Define $f : M(n \times n,\mathbb R) \to \mathbb R$ by $$f(A) = e^{\mbox{trace}(A)}$$ Calculate $Df(A)H$, where $H \in M(n \times n, \mathbb R)$.
I'm unsure on what $Df(A)H$ actually means. Is it the Frechet derivative of $f$ at $H$? And, if so, how would I go about calculating that?

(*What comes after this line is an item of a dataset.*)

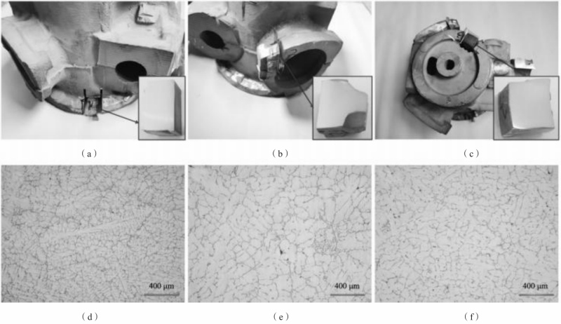 图10 铸件及X射线探伤 图11为不同取样位置和对应的剖面图片及金相图,见图11(a)-(c)的右下角。从剖面图片和金相结果可以看出,在这几个关键铸件位置均无缩孔、缩松和气孔缺陷。图11(a)处由于处在底部位置,晶粒组织较为细小;而位于铸件中部贴边冒口附近的剖面和顶部位置剖面晶粒尺寸较为粗大,但均未发现缺陷,如图11(d)-(f)所示。根据优化工艺方案进行了开模试制,投入生产50件,铸件成品率在60%以上。

The notation $Df(A)H$ means the value of the Fréchet derivative of the function $f$ in the point $A$ in the direction $H$, that is, the directional derivative of $f$ in $A$ in the direction $H$: $$ Df(A)H = \lim_{t\to 0} \frac{1}{t}[f(A+tH)-f(A)]. $$ Define $g:\mathbb{R}\to\mathbb{R}$ by $$ g(t) = f(A+tH) = e^{\mbox{trace}(A)+t\mbox{trace}(H)}, $$ and note that $g'(0)=Df(A)H$. Indeed, \begin{align*} g'(0) &= \lim_{t\to 0} \frac{g(t)-g(0)}{t} \\ &= \lim_{t\to 0} \frac{1}{t}[f(A+tH) - f(A)]\\ &= Df(A)H. \end{align*} Now, $$ g'(t) = \mbox{trace}(H)e^{\mbox{trace}(A)+t\mbox{trace}(H)}, $$ thus $$ Df(A)H = g'(0) = \mbox{trace}(H)e^{\mbox{trace}(A)} $$